I have the following structure:
T = struct('Time',{20, 40, 50, 80, 120, 150, 190, 210, 250, 260, 270, 320, 350, 380, 385, 390, 395},...
'Trial',{'correct','incorrect','incorrect','correct','correct','correct','incorrect','incorrect','correct','correct','correct','incorrect','incorrect','correct','correct','incorrect','incorrect'});
I would like to perform the following two tasks:
I want to get the probability of having an 'incorrect' per each 100 ms time window (interval).
For example, for the first time window, the first 100 ms, there is 4 trials and 2 are 'incorrect' out of 4 so it would be 2/4 = 0.5
I want to plot a bar graph of the probabilities for each 100 ms time window. The x axis would be time and each bar's width would be 100 ms and its height is the probability for that specific window.
I really appreciate any help.

This goes against my policy in answering questions without any effort made by the question poser, but this seems like an interesting question, so I'll make an exception.
First, split up each of the Time and Trial fields so that they're in separate arrays. For the Trial fields, I'm going to convert them into labels 1 and 2 to denote correct and incorrect for ease of implementation:
time = [T.Time].';
trial = {T.Trial}.';
[~,~,trial_ID] = unique(trial);
Next, what you can do is take each entry in the time array and divide by 100 while taking the floor. Values that belong to the same ID mean that they belong to a group of 100 ms. Note that we also need to add 1 for the next step... you'll see why:
groups = floor(time/100) + 1;
Now, here's probably one of the most beautiful functions you can ever use in MATLAB: accumarray. accumarray groups portions of an array based on an ID and you apply a function to all of the values per group.
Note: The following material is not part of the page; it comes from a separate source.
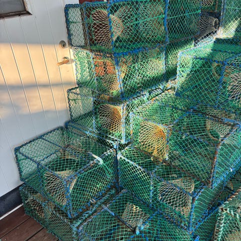 Inplastade galvaniserade stommar 90*45*40 cm försedda med dubbla ingångar, svältkammare, dubbla flyktöppningar och spöktråd enl. gällande regler. Vikt 10-11kg. Passar för hummer och krabbfiske. Linset, Kula 20cm + 15msjunklina + 15m flytlina

In our case, we want to group all of the correct and incorrect IDs based on the groups array, then from there we determine the total fraction of values that are incorrect per group.
Specifically, what we're going to do is for each group of values specified in groups, we will take a look at the correct and incorrect numeric labels and determine how many were incorrect by summing over how many were equal to 2 for each group, then dividing by how many there were per group. The groups need to start at index 1, which is why we had to add 1 to groups. Without it, the first group would actually start at 0, and MATLAB starts indexing at 1, hence the offset:
per = accumarray(groups, trial_ID, [], #(x) sum(x == 2) / numel(x));
per contains the fraction that were correct per group, and we get:
>> per
per =
0.5000
0.3333
0.2500
0.6667
Very nice! Doing a quick hand calculation will demonstrate that you get the correct results.
Now the last part is to plot the probabilities on a bar graph. That's very simply:
bar(100*(1:numel(per)), per);
xlabel('Time (ms)');
ylabel('Probability');
I create a vector that starts from 100 and goes up in multiples of 100 up until as many groups as we have. In our case, we have 4 as the time goes up to 395 ms.
As such, we get:

Related

How can I write a loop to get samples from different range of a variable to draw histograms for them in another dataset?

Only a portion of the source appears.